In other words, in general people on social media are preaching to the already converted.

With Rickard Nyman, a computer science colleague at UCL, I conducted a real-time analysis of the tweets during the Brexit campaign. Modern algorithms reveal as clear as day that there were two communities, with little connection to each other. One group was talking about what they would see as the “grown-up” themes of employment, the economy, trade and such like. The other, in essence, just didn’t like foreigners all that much.

The key moment was when, with just over two weeks to go, immigration began to get traction as a theme amongst the “Remain” Twitter community. Otherwise, the two groups were just reinforcing existing opinions and prejudices.

More is known.
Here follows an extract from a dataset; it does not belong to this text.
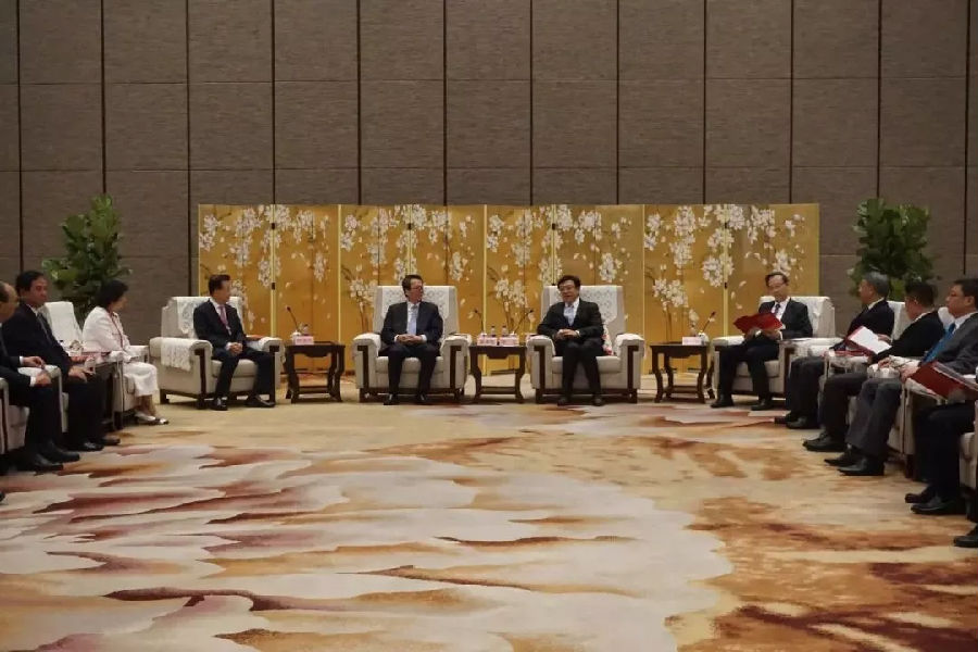 在交流互動(dòng)環(huán)節(jié),康芝藥業(yè)董事長洪江游向馮飛省長和李卓彬副主席介紹:第21屆國際潮團(tuán)聯(lián)誼年會(huì)將會(huì)在海南舉行,屆時(shí)全球知名潮商將齊聚海南共襄盛會(huì),將會(huì)為海南帶來商機(jī)并助推海南自貿(mào)港建設(shè)。
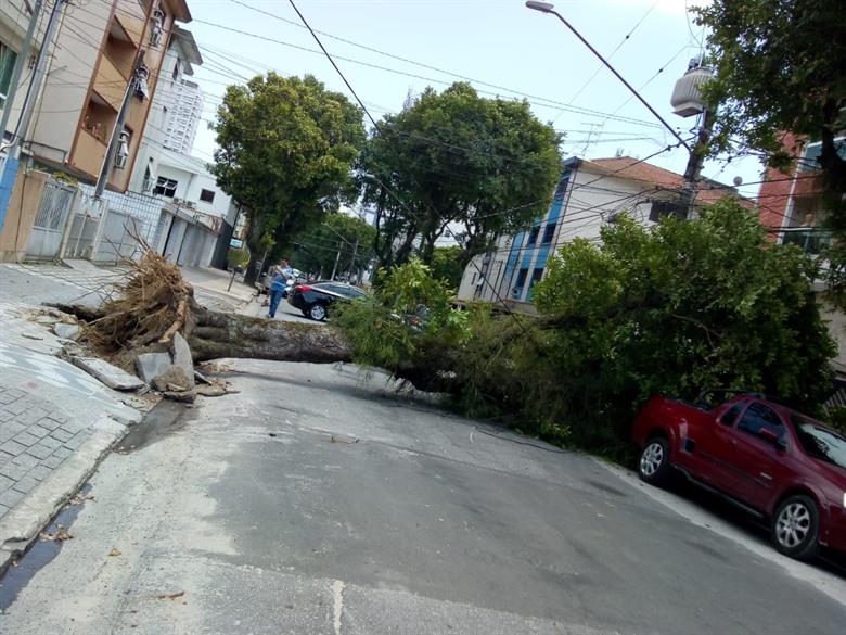 Queda de árvore interdita a rua Frei Francisco Sampaio, no Embaré

A significant proportion of tweets do not get retweeted at all. And it is the act of retweeting which shows that the recipient is paying attention.

Simply being a follower and reading a tweet involves effectively zero effort. The number of followers is a very weak indicator of a person’s influence.

Most tweets which express strong emotions essentially just fade away. It is the more balanced ones which have a greater chance of getting traction across the network.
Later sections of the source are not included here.